Implementation -- Byte Code
- Byte Code (Bcode) consists of
- Declarations
- vdecl (variable)
- fdecl (functions, classes, fibers)
- Multi-operand instructions
- Operations (1-5 ops, usually 3-ops)
- Control flow insns (blocks, branches, calls etc)
- 2 Bcode representations:
- one in memory (for execution)
- readable representation (can be modified manually)
Implementation -- Byte Code example
var i, n = 1000;
for (i = 0; i < n; i++);
- Readable BCode representation:
0 block fn="ex.d" ln=1 pos=1 next=730 vars_num=29 tvars_num=3 // ident=
...
372 vdecl fn="ex.d" ln=1 pos=5 ident=i ident_num=268 decl_scope=0 var_num=27
373 vdecl pos=8 ident=n ident_num=269 decl_scope=0 var_num=28
...
788 ldi fn="ex.d" ln=1 pos=12 op1=28 op2=1000 // 28 <- i1000
789 ldi ln=2 pos=10 next=791 op1=27 op2=0 // 27 <- i0
790 btltinc pos=15 next=792 op1=27 binc_inc=1 bcmp_op2=28 bcmp_res=29 pc=790
// goto 790 if 29 <- (27 += i1) cmp 28
791 btlt pos=15 op1=27 bcmp_op2=28 bcmp_res=29 pc=790 // goto 790 if 29 <- 27 cmp 28
792 bend pos=17 block=0
Implementation -- BC optimizations
- Optimizations
- High-level dead code elimination
- Jump optimization
- Call tail optimization
- Inlining
- Pure function optimization
- Byte code combining (this is just an illustration, the readable
BCode representation has a bit different format -- see the previous slide)
label: addi op1, op1, i1; lt res, op1, op2; bt res, label =>
label: addi op1, op1, i1; blt res, op1, op2, label =>
label: btltinc op1, op2, i2, res, label
Implementation
- Fast optimizing interpreter
- Memory Handling and Garbage Collection:
- Automatically extended heap
- Simple escape analysis to transform heap allocations into stack ones
- Combination of Mark and Sweep and fast Mark and Copy algorithm
permitting to decrease program memory requirement
Implementation -- Continuation
- JIT
- Function Level for functions marked by hint (! jit)
fun fact (n) !jit {n <=1 ? 1 : n * fact (n - 1);}
- JIT details:
- Triggered by the first call
- Portable implementation through C code generation
- memory file system is used (can be persistent memory in future)
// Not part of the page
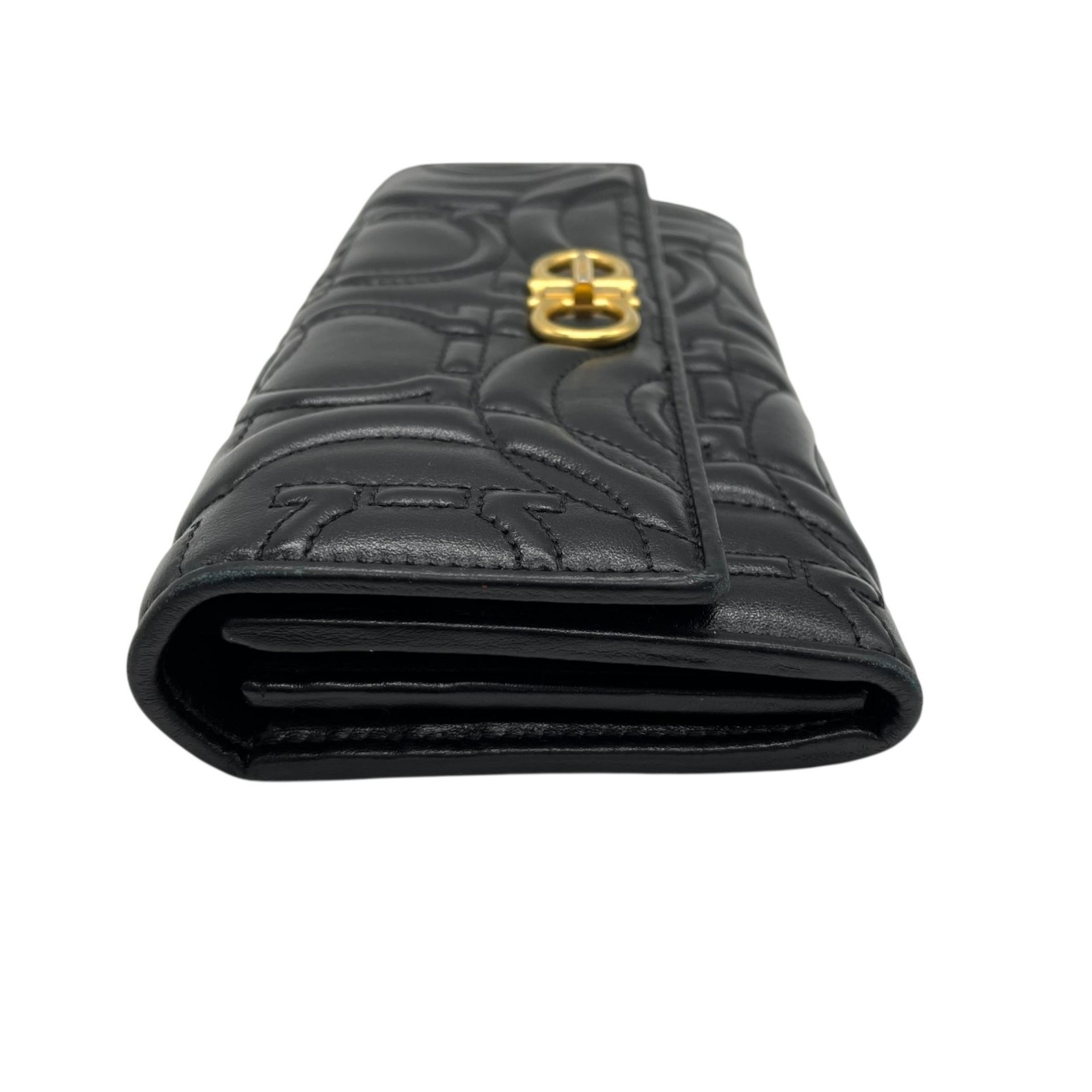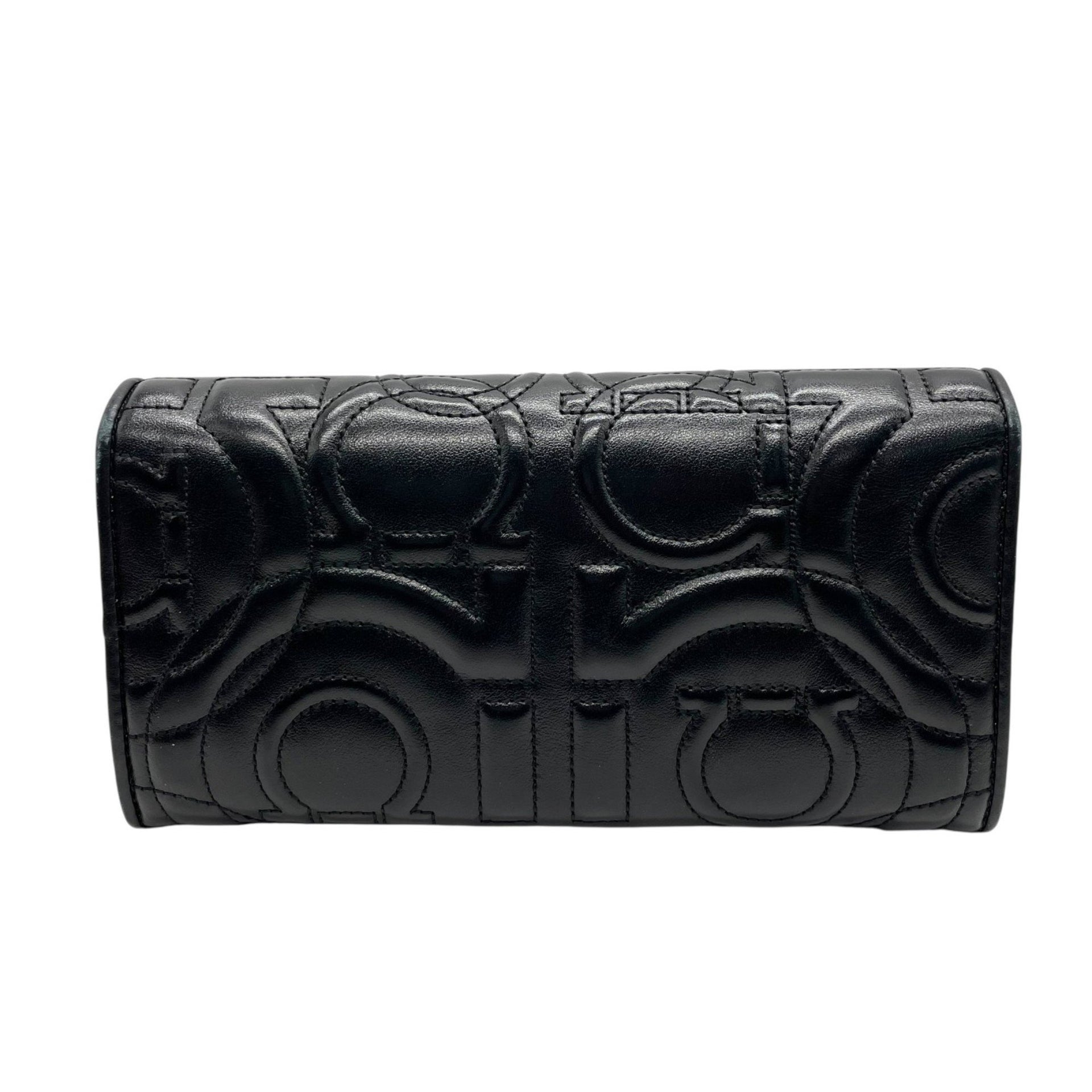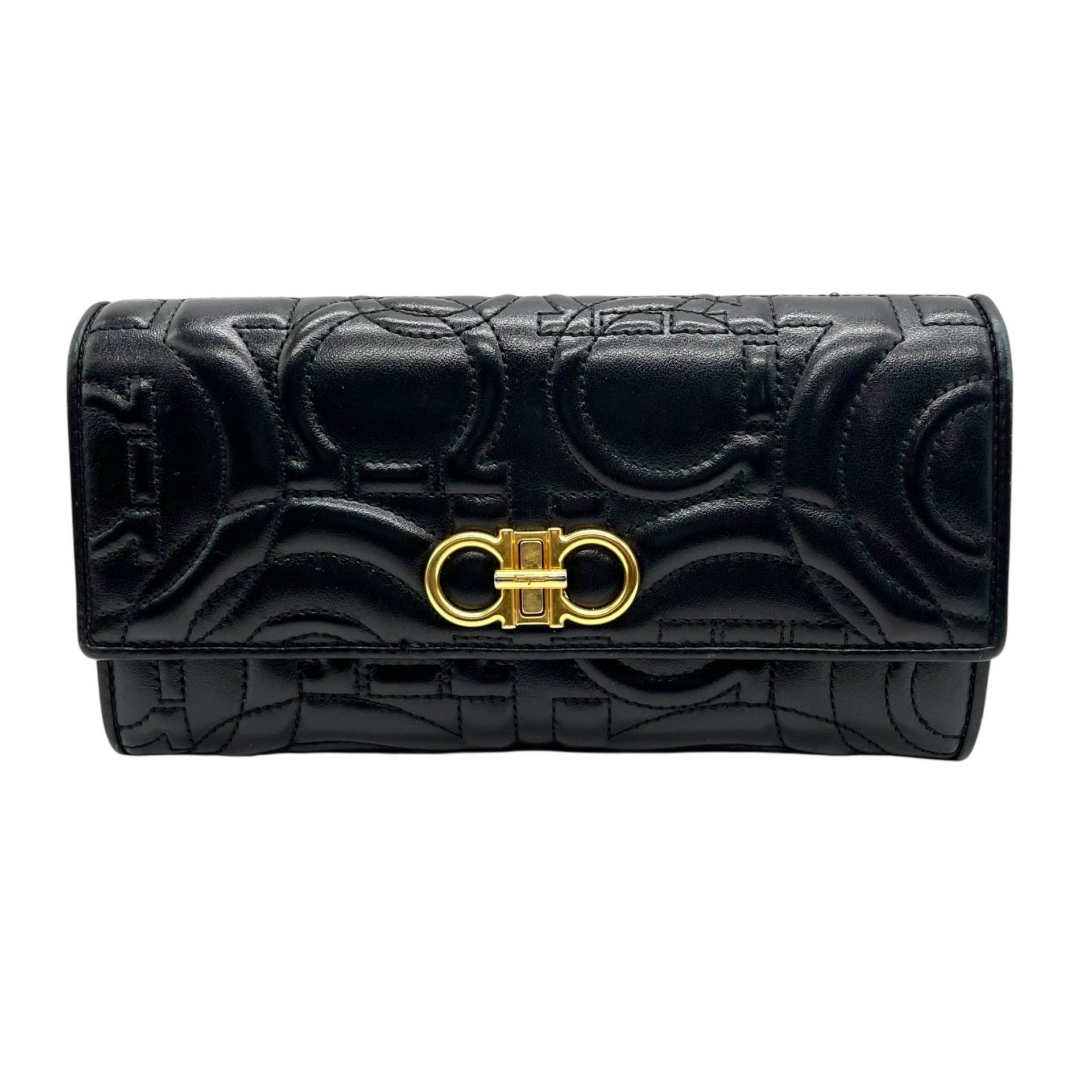 Salvatore Ferragamo Gancini Double Embossed Turnlock Wallet in Black Leather with Gold Hardware, Women\'s Size W5
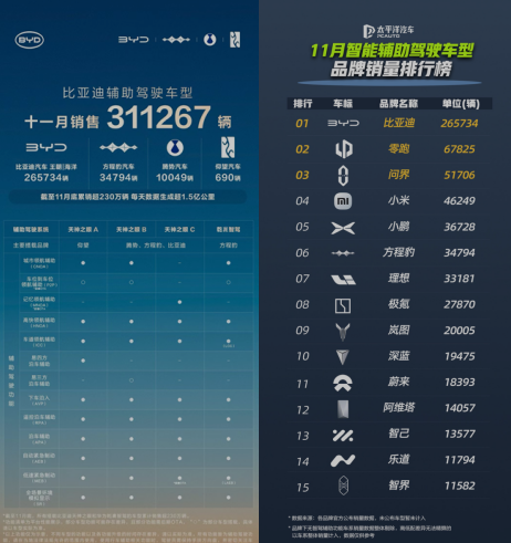 近日,比亞迪公布了其搭載天神之眼輔助駕駛系統(tǒng)的車型在11月的銷售數(shù)據(jù),全月銷量達(dá)311267輛,繼續(xù)引領(lǐng)市場。其中,比亞迪王朝與海洋系列貢獻(xiàn)265734輛,方程豹、騰勢、仰望等高端及個性化品牌亦表現(xiàn)穩(wěn)健,共同構(gòu)筑了比亞迪在智能駕駛領(lǐng)域的強(qiáng)大產(chǎn)品矩陣。

- option --save-temps can be used for the C code inspecting
- Usage of the same code as interpreter to simplify implementation
- C code generator is less 100 lines on C
- a script used to minimize the code (about 1/10 of C code
interpreter definitions are used for generated code.)
- Small function code generation takes about 50-70ms
using GCC on modern Intel CPUs
Implementation -- Type Inference
- Dino is dynamic type programming language
- Still many types of operations can be recognized during compilation time:
- E.g. general Bcode add can be changed by iadd (integer variant)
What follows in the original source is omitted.